**TASK TO CARRY OUT**
What you return should be every line below, word for word, and none of the images.

**SOURCE DATA**
----------------------------------------
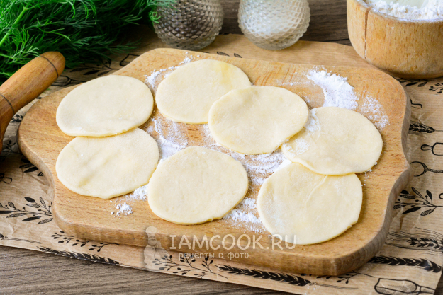 Тесто тонко раскатайте и выдавите кружочки-заготовки диаметром около 5 см.
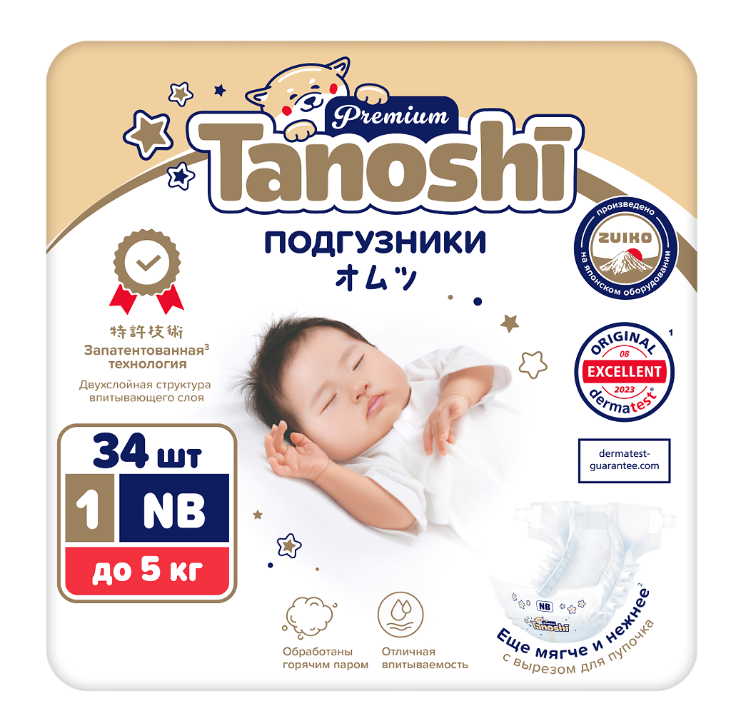 Купить Подгузники Tanoshi Premium, размер NB / 1 (до 5 кг) 34 шт, с вырезом под пупочек
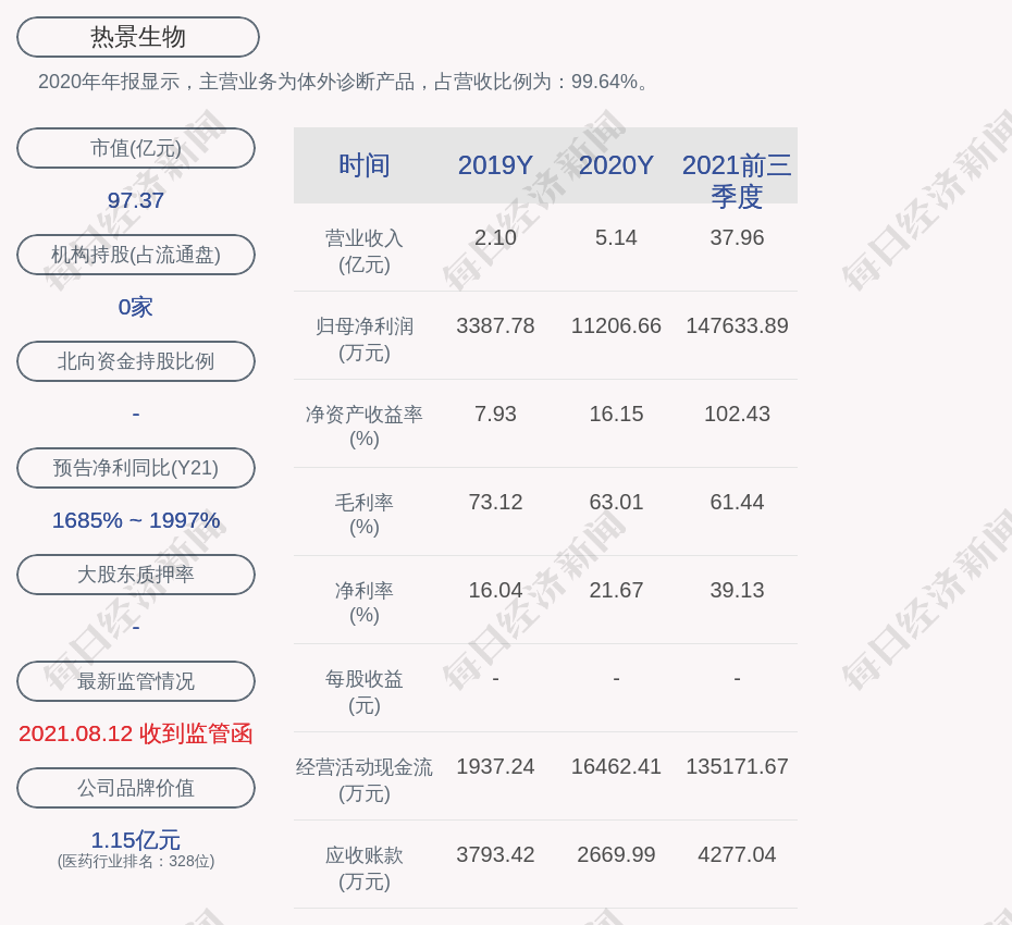 2020年年报显示,热景生物的主营业务为体外诊断产品,占营收比例为:99.64%。
----------------------------------------
**OUTPUT FOR THIS TASK**
 Тесто тонко раскатайте и выдавите кружочки-заготовки диаметром около 5 см.
 Купить Подгузники Tanoshi Premium, размер NB / 1 (до 5 кг) 34 шт, с вырезом под пупочек
 2020年年报显示,热景生物的主营业务为体外诊断产品,占营收比例为:99.64%。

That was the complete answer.